The existing Nanos kernel for AArch64 was only equipped with the device drivers needed to run on the virt QEMU machine; this means that the only storage and network devices that were supported are those implementing the virtIO specification. However, AWS Graviton instances use different peripheral types; more specifically, they use the same peripherals as those present in x86 instances based on the Nitro hypervisor, i.e. NVM Express (a.k.a. NVMe) disk controllers and Elastic Network Adapters (ENA). Since Nanos already supported AWS Nitro-based instances, we already had NVMe and ENA drivers for the x86 version of the kernel, so adding them to the Aarch64 kernel was trivial.

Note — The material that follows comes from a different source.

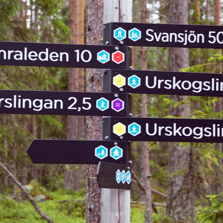 Am Morgen als wir auf dem schön gelegenen Campingplatz aufstanden war es wolkenlos. Nach dem Frühstück wollten wir weiter Richtung Mora. Auf der Infotafel vor dem Campingplatz sahen wir in der Nähe ein Kulturreservat. Da es wenige Kilometer vom Platz weg war beschlossen wir einen kurzen Halt einzulegen. Diese Sehenswürdigkeit erwies sich aber als Kriegsdenkmal. Wir drehten ab und merkten da dass wir den Schlüssel von den Sanitärgebäuden noch im Wohnmobil hatten. Also nochmals 10 km zurück und pflichtbewusst abliefern. Jetzt konnten wir endgültig starten. Wir kamen zügig voran, da es kaum Verkehr hatte und die Strassen gut waren. Es geht immer aufwärts, dann wieder abwärts. Unterwegs fanden wir dann doch noch eine Tafel mit einem echten Naturreservat. Wir bogen ab und nach 3 km kam im Wald eine Infotafel wo auch bereits schon ein Deutsches Wohnmobil stand. Wir spazierten etwa einen Stunde in schönster Natur.

During the kernel porting activity, after enabling verbose debugging messages in the kernel code we discovered that the serial port driver was not working: not only there were no messages printed to the serial console, but trying to print anything resulted in the kernel being stuck in an infinite loop. A working serial port is often an invaluable debugging tool when porting low-level software such as an operating system kernel to a new platform. It turned out that Graviton instances are equipped with a different kind of serial port than the one used in the virt QEMU machine: more specifically, Graviton instances have a 16550-compatible serial port; thus, we wrote a simple 16550 UART driver (similar to the one we already use for the x86 PC platform) to get those useful debug messages out to the AWS serial console. In addition, in order to make the kernel able to run in both virt and Graviton machines, we implemented run-time probing of the serial port peripheral, which parses the Serial Port Console Redirection (SPCR) ACPI table to retrieve the information of interest.

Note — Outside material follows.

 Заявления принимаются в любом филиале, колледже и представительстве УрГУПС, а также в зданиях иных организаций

What probably took most time in the porting activity was the driver for the interrupt controller. Most ARM devices, from simple 32-bit embedded microcontrollers to high-end 64-bit server CPUs, incorporate a GIC (Generic Interrupt Controller). The specifications on how the GIC operates have undergone many revisions, to accommodate the needs of different types of CPUs and efficiently handle modern virtualization technologies; the ARM SBSA, i.e. the reference architecture to which AWS Graviton instances adhere, prescribes the presence of a GICv3 in AArch64 servers.

The existing port of the Nanos kernel to AArch64 had a driver for the GICv2 interrupt controller, which is needed in order for hardware virtualization to work when running on a Raspberry Pi 4, so we needed to enhance the existing GIC driver to be able to support the GICv3. More specifically, we already had basic support for the GICv3, but what was missing is support for Message-Signaled Interrupts (MSIs), which is the mechanism used by PCI devices (such as the disk controller and the network adapter) to assert interrupts to the processor; the existing driver supported MSIs for the GICv2, but not for the GICv3. MSIs in the GICv3 are handled as Locality-based Peripheral Interrupts (LPIs), and are configured via the Interrupt Translation Service (ITS). The ITS is a fairly complex part of GICv3 that requires the kernel to allocate a number of tables in memory and configure the ITS to use these tables for its internal operations; then, various commands need to be sent to the ITS to enable the routing of specific interrupts coming from PCI peripherals to a CPU. Once we implemented all of this, we finally started seeing interrupts from the disk and network devices being properly serviced, and this was the final missing piece that allowed a fully functional unikernel application to run on a Graviton instance.

Conclusions

Implementing and piecing together all the parts needed to bring up Nanos on AWS Graviton ended up being a substantial amount of work, but now that it's done we have an AArch64 kernel that is no longer limited to running on the single platform for which the initial ARM port was done. The code now implements the basic standards prescribed by the ARM SBSA and SBBR documents: we have a UEFI bootloader and an ACPI-aware kernel, so we expect to be able to support fairly easily other ARM server platforms that may come up in the future, from AWS or other cloud vendors.